Такого рода пример нам представляет собрание не имевших занятий рабочих в Риме 1-го мая 1891 года. Нет сомнения в том, что несколько анархистов отправились, вооружённые, на площадь св. Иерусалимского креста, думая пустить в ход своё оружие. Один городской сержант был убит ударом кинжала в позвоночный столб, и много лиц ранено. Необходимо конечно допустить, что влияние численности, замечательные речи, которые были произнесены, и все другие обстоятельства, увеличивающие интенсивность душевных движений толпы, могли бы увлечь виновных даже к ещё большему, толкнуть их на такие крайности, которых они не хотели бы и сами; но ясно, что всё-таки в подобных случаях социальная реакция должна быть гораздо строже, чем в других, так как здесь дело идёт не о неожиданных преступлениях: толпа не произвела преступления, она только дала удобный случай, чтобы его можно было совершить.
Понятно, что эти юридические выводы могут быть приложимы только к тем, у которых существовала идея преступления до начала смятения; что же касается других, не имевших определённого плана, то для них имеют силу заключения, сделанные относительно не предумышленного преступления.
Тоже самое рассуждение можно приложить ещё к одной форме коллективного преступления, по счастью неизвестной в Европе, но весьма распространённой во многих странах Америки: я говорю о законе Линча. Можно составить себе идею об увеличении в последние годы числа казнённых по закону Линча, посмотрев на прилагаемую таблицу:
Судьи Линча ещё до совершения преступления знают, что они его совершат: они соединяются даже исключительно с этой целью. Поэтому безразлично, перейдут ли они впоследствии, благодаря вышеотмеченному явлению коллективной психологии, за пределы своего желания, или нет: они хотели, и хотели совершенно сознательно, если не подробностей, то по крайней мере сущности совершенного ими преступления. Поэтому они могут привести с своей стороны только весьма слабое оправдание.
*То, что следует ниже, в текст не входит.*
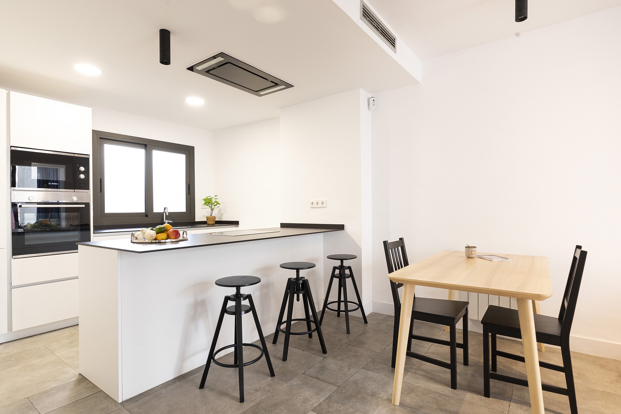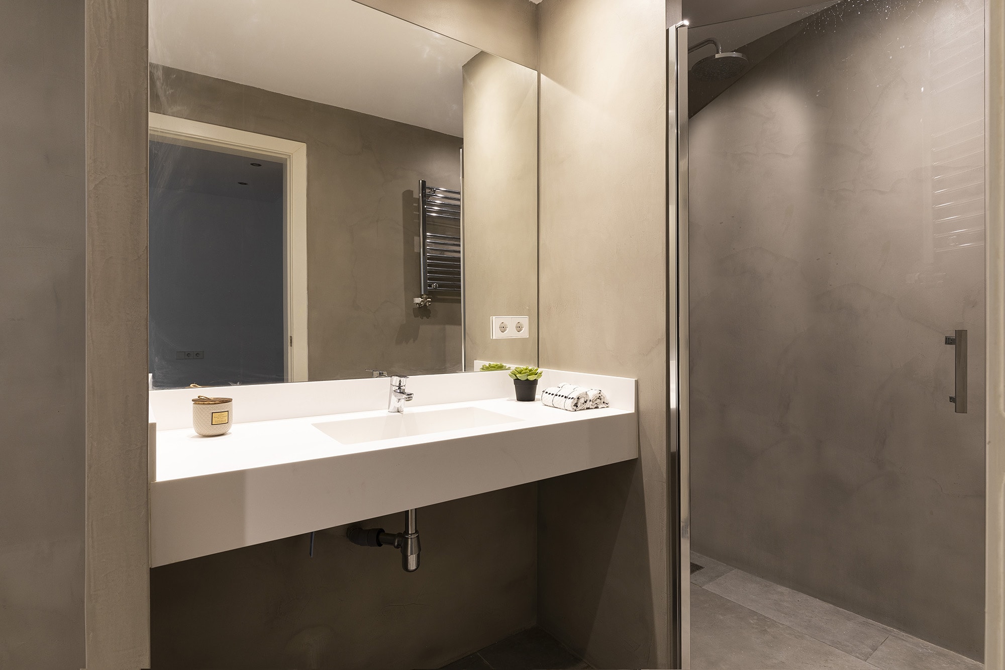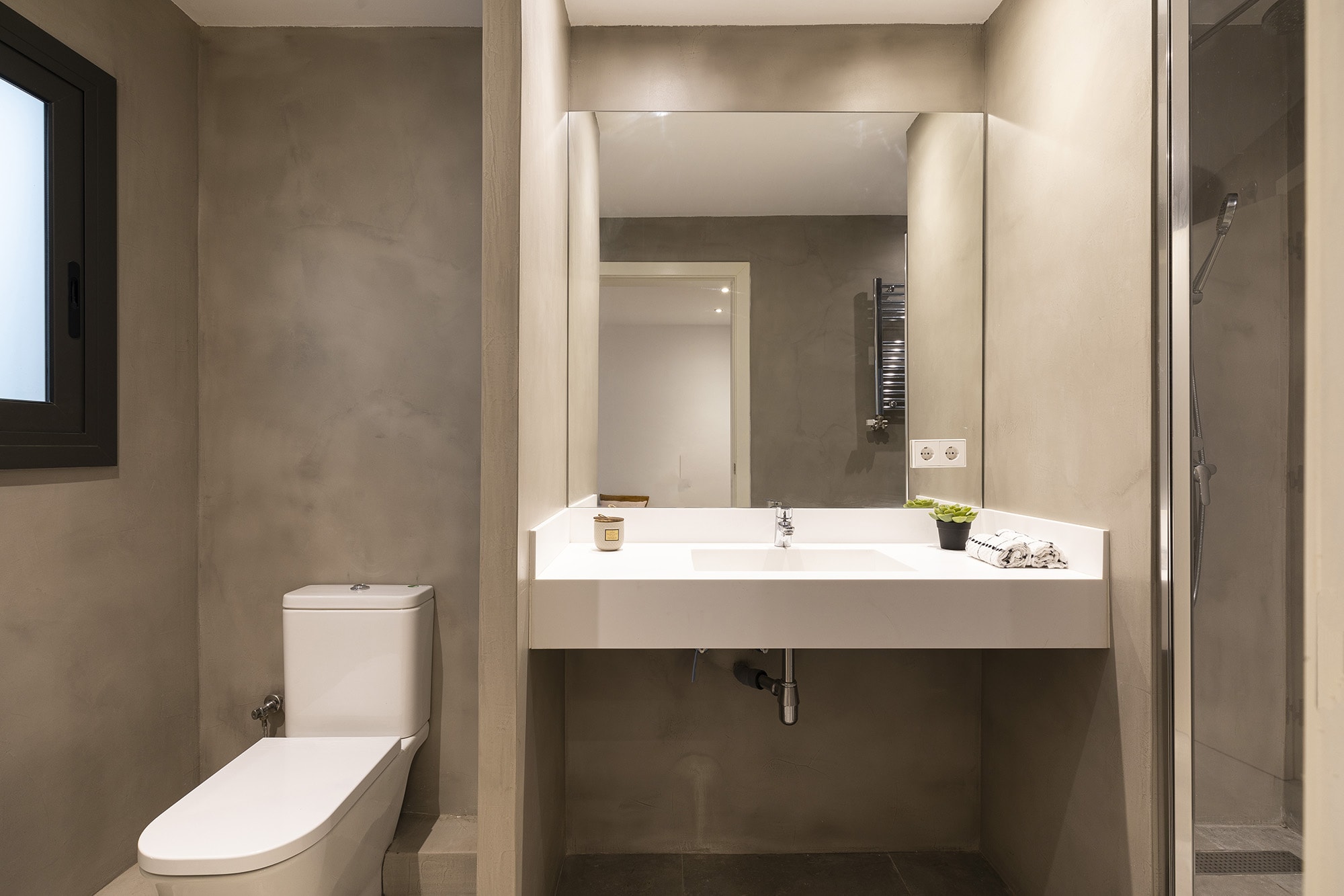 There has been used high quality finishes, such as wooden floors in the bedrooms, micro cement in the bathrooms and ceramic tiles in the rest of the apartment. The apartment offers integrated air conditioning with hot and cold air and a central heating. The kitchen is fully equipped with top of the range appliances including a fridge/freezer, built-in dishwasher, electric oven with induction hob and a microwave.
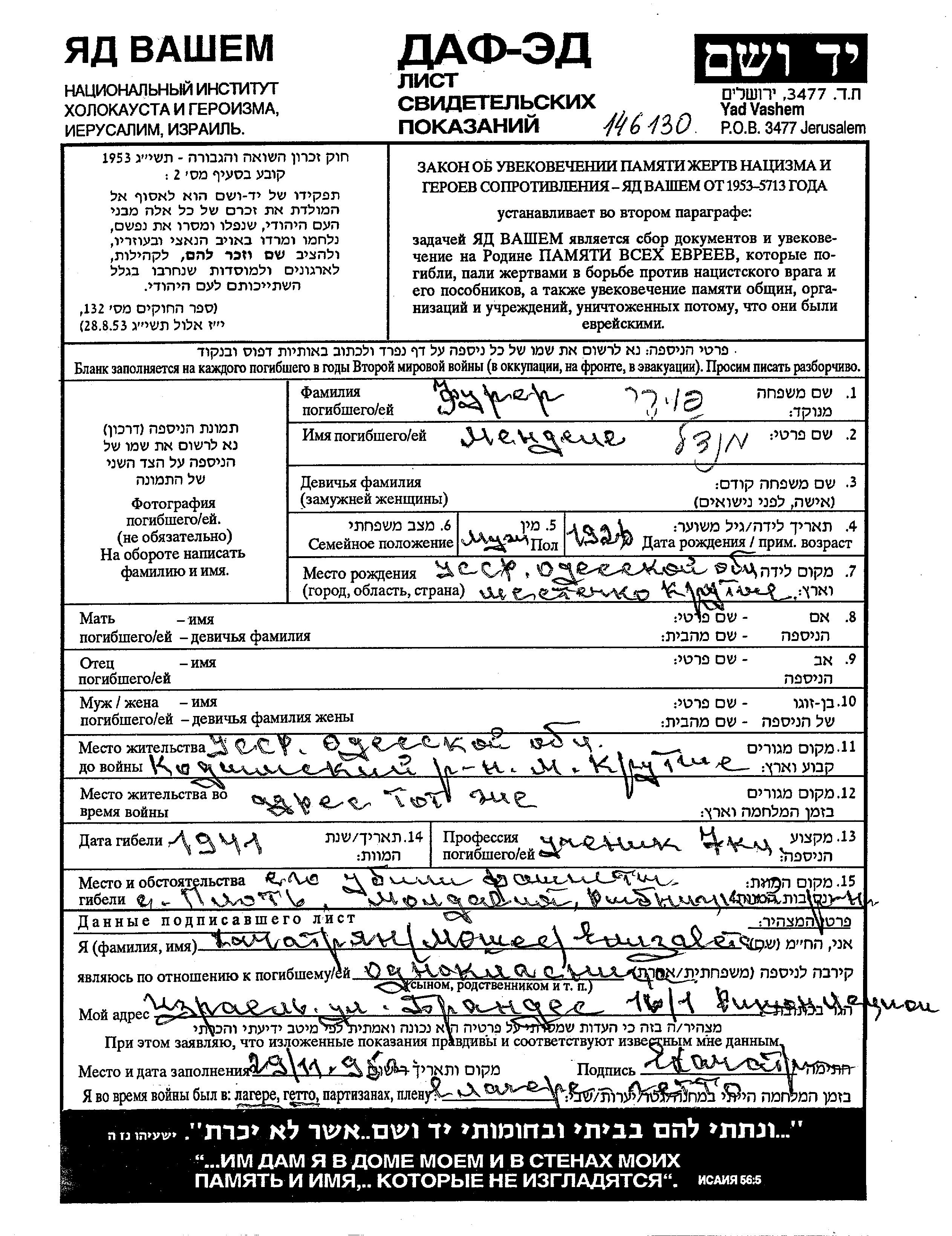 Yad Vashem - Pages of Testimony Names Memorial Collection

Однако, повторяю, даже и в том случае, когда преступление предумышленно, не следует забывать его мотивов. Суд Линча (перед которым я вовсе не чувствую ужаса, проявляющегося у многих, хотя я первый признаю, что это — варварская форма сокращённого судопроизводства, не дающая никакой гарантии в справедливости приговора суда Линча), повторяю я, может быть вызван взрывом негодования против какого-нибудь ужасного преступления; в этом случае виновники хотя и должны быть осуждены, но заслуживают большого снисхождения. В наше время самосуд запрещён законом: но в некоторых случаях последний осуждает и всепрощающую кротость. Сын, убивший того, кто оскорбил его мать, есть человек, которого закон может наказать, но которому весь мир протянет руку. Конечно для суда Линча нет достаточно веских извинений, но нельзя отрицать и того, что часто чувства, из которых исходят судьи Линча, высоконравственны; варварство проявляется только в форме.
Наоборот, бывают варварские расправы Линча, облечённые в варварскую форму и исходящие из низких чувств, против них закон должен направить самое строгое преследование.
Оставим однако в стороне эти виды предумышленного коллективного преступления, заслуживающего подробного изучения, но не входящего в нашу задачу, и вернёмся к неожиданным преступлениям толпы. Посмотрим, каково будет наказание, или лучше, социальная реакция для уничтожения этих преступлений, не забывая в то же время дать себе отчёт в мотивах, вызвавших эти преступления.